Claas Relotius
2018-12-20 16:26:26.133131+00 by Dan Lyke 0 comments
Shadow forwarded along a couple of links about what seems to be the news of the day, and I 've added a few more: Der Spiegel journalist messed with the wrong small town:
There are so many lies here, that my friend Jake and I had to narrow them down to top 11 most absurd lies (we couldn’t do just 10) for the purpose of this article. We’ve been working on it since the article came out in spring of 2017, but had to set it aside to attend to our lives (raising a family, managing a nonprofit organization, etc.) before coming back to it this fall, and finally wrapped things up a few weeks ago, just in time to hear today that Relotius was fired when he was exposed for fabricating many of his articles.
Germany's Der Spiegel says star reporter Claas Relotius wrote fake stories 'on a grand scale':
Several major features Relotius wrote for Der Spiegel that were also nominated for or won journalism awards are now under scrutiny, according to the magazine.
When the news really is fake: German reporter admits fabricating coverage at leading news magazine:
But at a time when political parties are deeply polarized on both sides of the Atlantic, the Spiegel controversy could also bolster those who now regularly portray reporting as “fake news.” As a publication that often allows its reporters to include subjective observations in their stories, Spiegel’s anti-Trump cover pieces had been widely shared in liberal circles in recent years. The fact that Relotius was initially exposed because of a story from the United States was immediately used to discredit the magazine’s wider coverage.
Among them, "The Last Witness," about an American who allegedly travels to an execution as a witness, "Lion Children," about two Iraqi children who have been kidnapped and reeducated by the Islamic State, and "Number 440," a feature about alleged prisoners at the US detention facility in Guantanamo Bay, Cuba.
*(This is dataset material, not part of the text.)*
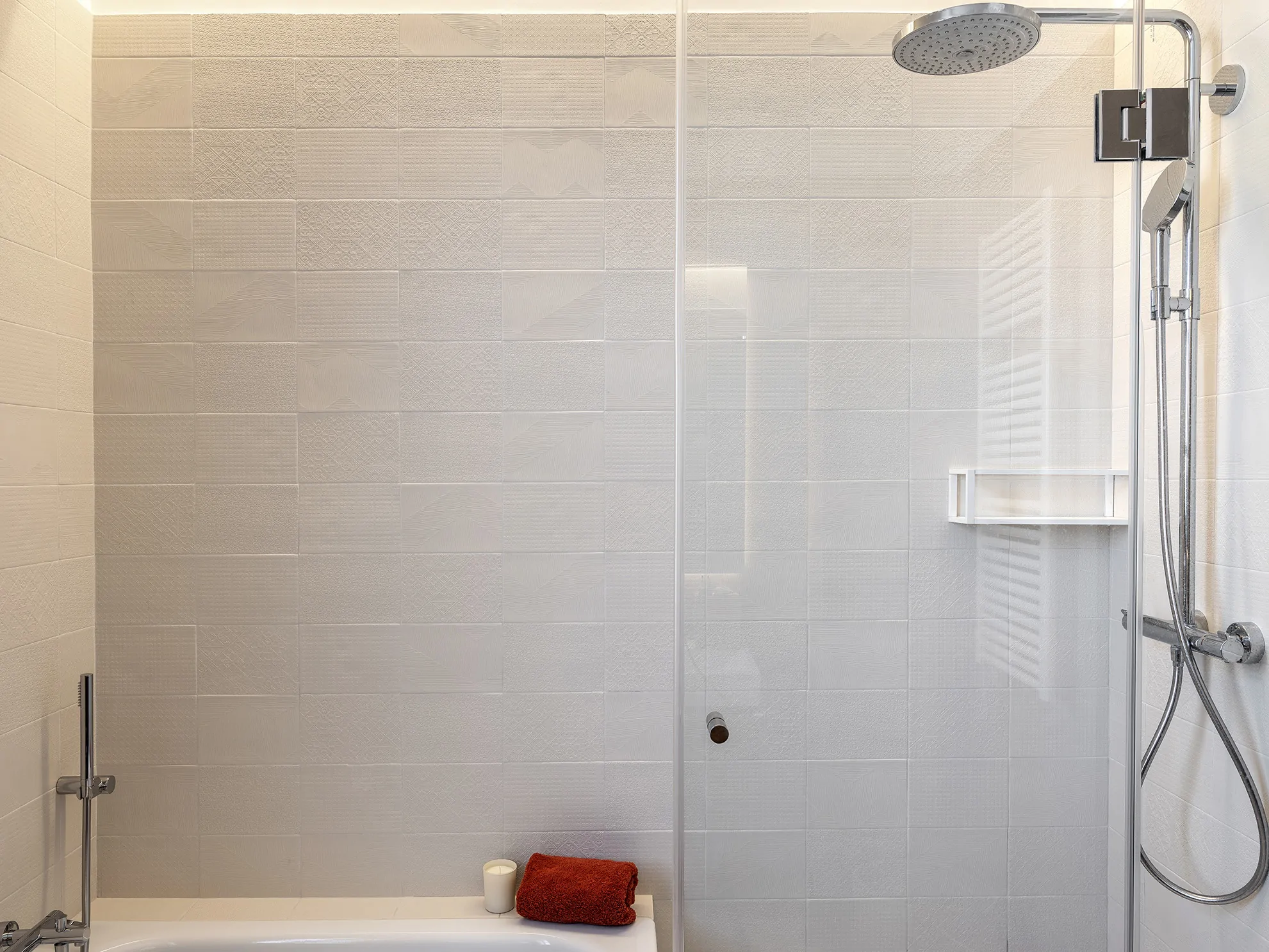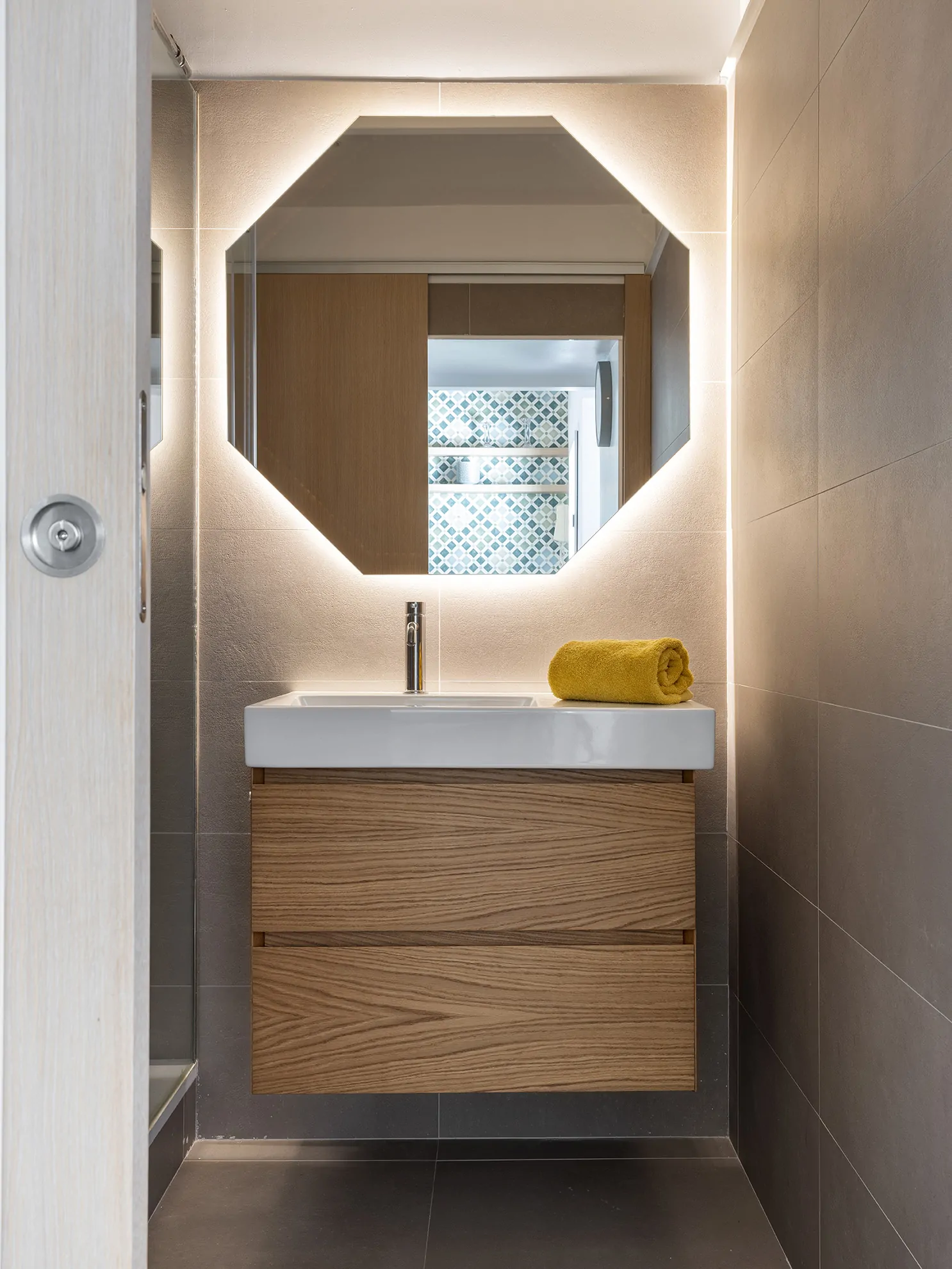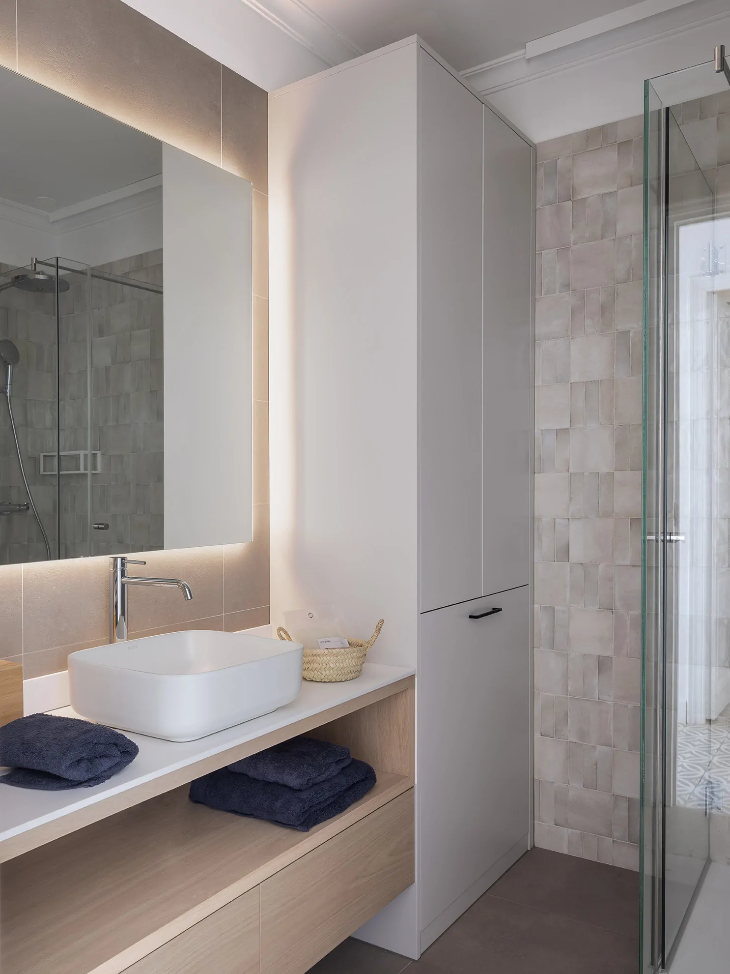 Los baños se han concebido con una estética funcional y sofisticada: mobiliario en roble natural, encimeras de Corian, espejos retroiluminados y una cuidada elección de revestimientos que combinan distintos formatospara sumar textura y ritmo visual.

Writer touted by CNN as 'Journalist of the Year' forced to resign for fabricating stories
The Relotius case resembles past instances where journalists have been caught fabricating stories. Those accused previously have included Stephen Glass, who was fired from the New Republic magazine, Jayson Blair, fired from the New York Times, and Janet Cooke, a Washington Post reporter whose story about a child addicted to heroin won a Pulitzer Prize before it was revealed to be a fabrication.